Überraschend sei für ihn und die Beschäftigten gewesen, welchen Anteil die Transporte der Exponate bei der Bilanzierung ausmachen. Die Leihgaben reisten per Flugzeug oder Lkw nach Wiesbaden und wieder zurück zu den verleihenden Museen aus der ganzen Welt. Um den errechneten CO2-Verbrauch des Museums zu reduzieren, unterstütze das Land Hessen im Zuge des Emissionshandels ein Windenergie-Projekt in Costa Rica. Dem TÜV Nord war das das Prädikat "klimaneutral" wert.

"Material für Alle" vermittelt Werkstoffe weiter

Felix Große-Lohmann, Gründer von "Material für alle", steht in einem Lagerraum. Hinter ihm sind Holzbalken, Felle, Bilderrahmen und andere Materialien in Regalen zu sehen.

Rahmen, Sockel, Styroporplatten - und vier riesige Haufen Kunstfell, die im vergangenen Sommer als Teil des Kunstwerks "Moondog" noch auf der documenta fifteen ausgestellt wurden: Im Lager von Felix Große-Lohmann in Frankfurt-Seckbach lagern allerhand Materialien.

Der Kurator und Künstler möchte Werkstoffen aus dem Kunst- und Kulturbetrieb ein zweites Leben schenken und hat das Projekt "Material für Alle" (MfA) gegründet. "Wir haben uns zur Aufgabe gemacht, dass Materialien, die im Kulturbetrieb aus der Nutzung fallen, nicht auf dem Müll wandern", sagt er. Dort landeten nämlich die meisten Stoffe nach dem Ende von Ausstellungen.

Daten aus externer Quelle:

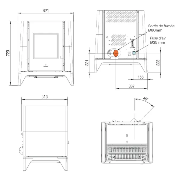 Sortie fumée Ø80 mm, Postérieure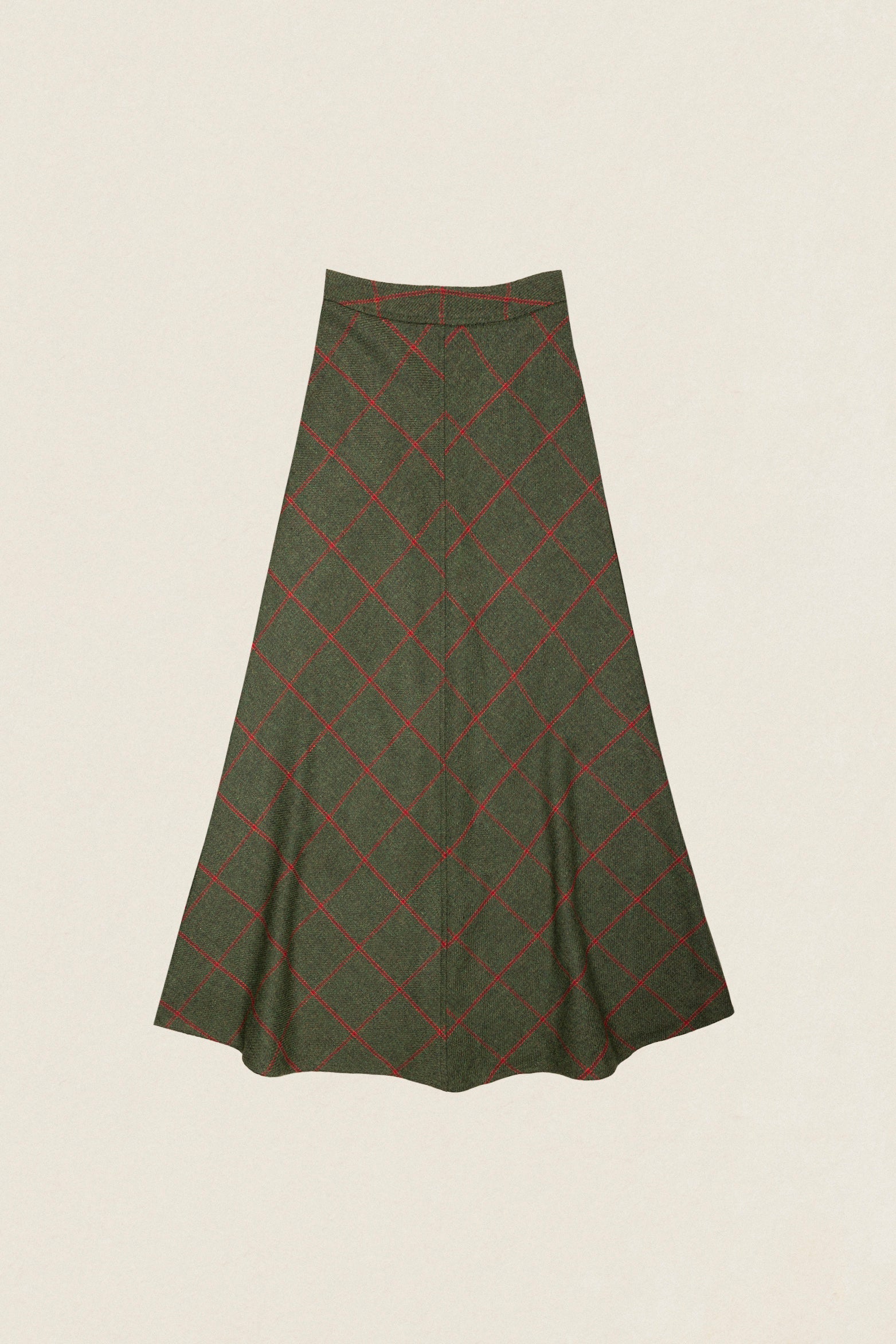 Falda Carola Verde Agua Cuadros Vino FAL07

Vorteil für Museen - und die Umwelt

Dabei seien in diesen fast neuwertigen Materialien Energie und Arbeitskraft gebunden. "Je länger wir sie erhalten und nutzen, desto grüner arbeiten wir." Die Idee zu MfA habe er während seines Studiums gehabt, als er in Museen und Galerien gearbeitet und mit eigenen Augen gesehen habe, wie beim Abbau von Ausstellungen hochwertige Rohstoffe in den Container geworfen wurden. "Und gleichzeitig haben meine Kommilitoninnen und Kommilitonen genau diese Materialien gesucht", so Große-Lohmann.

Sein Projekt komme im Frankfurter Kulturbetrieb gut an. Die Schirn und das Historische Museum in Frankfurt hätten ihm bereits Materialien geliefert, auch das Städel habe schon angefragt. Neben dem Umweltaspekt bietet sich für sie laut Große-Lohmann ein weiterer Vorteil: Sie sparen Kosten für die Entsorgung ein. Anschließend würden die Werkstoffe zum halben Preis weiterverkauft - und so von Neuem in den Kreislauf gegeben.